Peer-Reviewed Publication

American Association for the Advancement of Science (AAAS)

これまでの研究ではヘビの毒の相違は主に食べ物の違いによるとされているが、3系統の「ドクハキコブラ」についての新たな分析で、別のメカニズム ―― 防御の必要性 ―― がこれらの痛みを誘発する毒独自の特徴の進化ドライバーとして指摘された。「ドクハキコブラによって、類似する選択圧が分子・形態・行動・機能レベルで収斂進化を促す仕組みが明らかになった」と著者らは言う。大多数のヘビは、餌食を動けなくしたり、瞬時に殺したりといったように、主に捕食目的で毒を使う。対照的に、コブラにおける「毒噴射」の進化は餌の捕獲とは関係がない。
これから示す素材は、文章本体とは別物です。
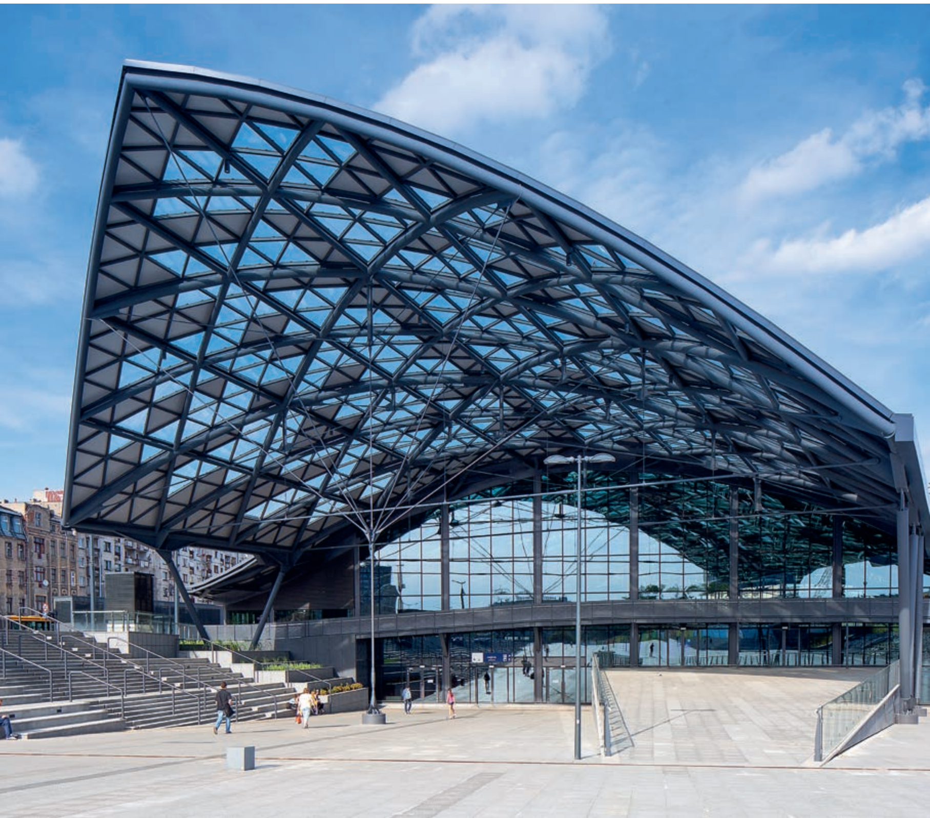
Dworzec Łódź Fabryczna w Łodzi

むしろその毒は、特定の感覚組織を標的としており、ほぼ4,000種のヘビの間では唯一の離れた場所から敵を傷つける防御適応である。意外にもコブラ科(Elapidae)の3系統の毒ヘビは、防御の手段として、危険を察知するとその敵の目をめがけて数メートル先まで毒を「噴射」し、敵に痛みを引き起こす能力を個々に進化させてきた。数少ないこれらのドクハキヘビは、似ているけれども珍しいこの防御特性が繰り返し進化してきた根底にある選択的ドライバーを調査するには最適の系統である。Taline Kazandjianらはトランスクリプトーム解析、プロテオーム解析、機能分析を活用して、これら3系統のドクハキコブラにおける防御的な毒噴射の進化を調査した。各系統の毒はそれぞれ独自の成分でできているが、どのドクハキコブラの毒も毒を噴射しない毒ヘビと比べてより効率的に痛みを引き起こすことをKazandjianらは発見した。彼らによると、これらの系統では類似する分子適応が起きたという。既存の細胞毒の作用を強化することで敵の哺乳類の感覚神経を活性化して即座に痛みを感じさせ、敵を抑止するのである。これはこれらヘビ系統の毒の進化ドライバーとして防御が果たす役割を示していると、彼らは述べている。